〈一般発表・分科会16〉美学理論2

9月 1, 2021


10月10日(日) 10:20-11:45 / 司会:岡本 源太(岡山大学)

芸術作品の成立をめぐって        パレイゾン美学における芸術のペルソナ的特性と社会性

10:20-11:00 / 片桐 亜古(京都大学)

 本発表の目的は、イタリアの哲学者ルイジ・パレイゾン(1918-1991)が『形成性の理論』(1987)において提示した「能産的フォルマによる所産的フォルマの形成的誘導」をめぐる理論が歴史的・社会的コンテクストとの関連性において芸術作品の存立を考察する際にも有効性を持ちうるものであることを確認することにある。

 パレイゾンは1950年代初頭から60年代半ばにかけ美学の分野で一連の論考を発表するが、その中核を成すのが「形成性の理論」である。同理論において芸術作品は「芸術家による形成行為がうまくいった(riuscita)際にその成果として立ち現れるもの」と定義される。形成活動を導き「うまくいった」ことを芸術家に知らしめるものとして能産的フォルマ(forma-formans、最終的に立ち現れるであろう作品)が、また能産的フォルマに導かれ形成されるものとして所産的フォルマ(forma-formata、形成活動の過程で形成される作品)が措定される。

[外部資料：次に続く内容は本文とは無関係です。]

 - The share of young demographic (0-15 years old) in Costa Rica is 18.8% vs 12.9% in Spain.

 この「能産的フォルマによる所産的フォルマの形成的誘導」という理論的枠組みに適うものとして作品形成を捉えれば、作品の具現化は芸術家に負うものの内在する原則に基づき作品が自律的に存立するという様相が浮かび上がってくる。これは、歴史的・社会的コンテクストとの関係に鑑みることなしに芸術作品の成立について考察することはできないという一般的な見解に相反するもののように思われる。

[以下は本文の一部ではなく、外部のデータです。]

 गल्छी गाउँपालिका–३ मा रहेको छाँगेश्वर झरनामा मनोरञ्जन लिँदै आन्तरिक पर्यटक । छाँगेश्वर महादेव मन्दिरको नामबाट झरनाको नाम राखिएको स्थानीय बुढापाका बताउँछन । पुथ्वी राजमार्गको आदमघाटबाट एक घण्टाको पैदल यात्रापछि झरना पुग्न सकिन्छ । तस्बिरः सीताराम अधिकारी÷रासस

 U.エーコは『芸術の定義』(1963)において、師パレイゾンが提示したこの様相は作品の存立を形而上学的位相から捉えたに留まるものであり、作品が存立するという事態をより包括的に把握するためには、作品形成に携わる芸術家が個的ペルソナを備えた実存的存在である点に留意しつつ作品形成の実態的様相を踏まえ、それとの関連性において同様相を理解する必要があると指摘する。エーコのこの指摘を緒に、発表者は以下のような手順で論旨を展開する。まず、パレイゾンが提示した「能産的フォルマによる所産的フォルマの形成的誘導」をめぐる理論と芸術家による形成活動の実行様態に関する理論との整合性、および作品に内在する原則が作品の実現には不可欠であることを確認する。また、パレイゾンの美学理論において芸術家が芸術活動の担い手であると共に社会においては個的ペルソナを備えた一個の実存として提起されている点に着目し、彼が提示する「ペルソナ」概念の確認と芸術活動およびその成果として立ち現れる作品における芸術家の個的ペルソナの所在について考察を行う。ここまでの議論を踏まえつつ論稿集『美学の諸問題 』(1966)第六章「芸術におけるペルソナ的特性と社会性」を参照することにより、作品はその成立においてそれを実現した芸術家の個的ペルソナの具現化であると同時に芸術家を通し社会性を帯びたものとなることが検証できると考える。

「無関心性」概念から考えるフェミニスト美学

11:05-11:45 / 石川 茉耶(早稲田大学)

 本発表は、フェミニズム的観点から美学を見た際に生じる問題点、とくに、フェミニストによる「無関心性」概念の理解をたどっていき、こうした見方の先に何が求められているのか、フェミニスト美学(Feminist Aesthetics)の将来性を考えることを目的とする。

 何を美しいとみなすのか、どのような根拠に基づけば普遍的な美を語ることが許されるのか――こうした問いを根本的に支えている(18世紀にはじまる)理論にこそ、無意識のジェンダーバイアスが隠されているとフェミニストは結論づけており、とりわけ「無関心性」の定義が確立したために生じた問題点を追及することは、1990年代以降のフェミニスト美学の主要テーマの一つであった。このように、従来の美学における概念理解を社会的視点から批判的に解釈していく作業は、けっして新しいことではないが、一方で、こうした批判を再検討することではじめて、これから先のフェミニスト美学の展望を考えることが可能になると発表者は考える。したがって本発表では、フェミニストによる「無関心性」概念理解を出発点とする。

 はじめに、「無関心性」の定義がなぜジェンダーバイアスを含んでいるといえるのか、代表的なコースマイヤー (2004)の論究をみる。コースマイヤーは、カントやショーペンハウアーを題材に、美的な判断(とその対象である美)に、「無関心性」という基準が設けられたことによって、特定の立場からの視点をあたかも人間全体の本性であるかのように見せてしまう危険があると述べている。「無関心性」が「男性のまなざし(The Male Gaze)」の絶対化につながるとする議論をもとに、パースペクティヴィズムとの関連を考察する。

 さらに本発表では、以上のような課題が明らかになったその先に何が要求されているのかを考える。まず、従来の美的経験や判断を乗り越えるために提示されているアプローチをみていく(例えば、「無関心性」概念が含むジェンダーバイアスを認めつつ、一定の無関心的立場を担保しつつも、関心を排除しない仕方での、美との新たな対峙方法を提案するブランドなどがあげられる)。なかでも、近年のフェミニズムに求められていることとして、従来の伝統的哲学規範の問題点を批判的に取り上げるだけでなく、よりポジティブな側面から新たなフェミニズム的主題を探すことを掲げるイートン(2008)の主張に着目する。これまで哲学的に語られることの少なかったテーマ(例えば、ファッションや料理など)をフェミニズムの観点から分析していくことに、どのような展望が見出せるのか、それが「男性的」「女性的」二項対立の際限なき拡張に陥る危険性がないのかなどをふまえて、これからのフェミニスト美学の在り方を考察したい。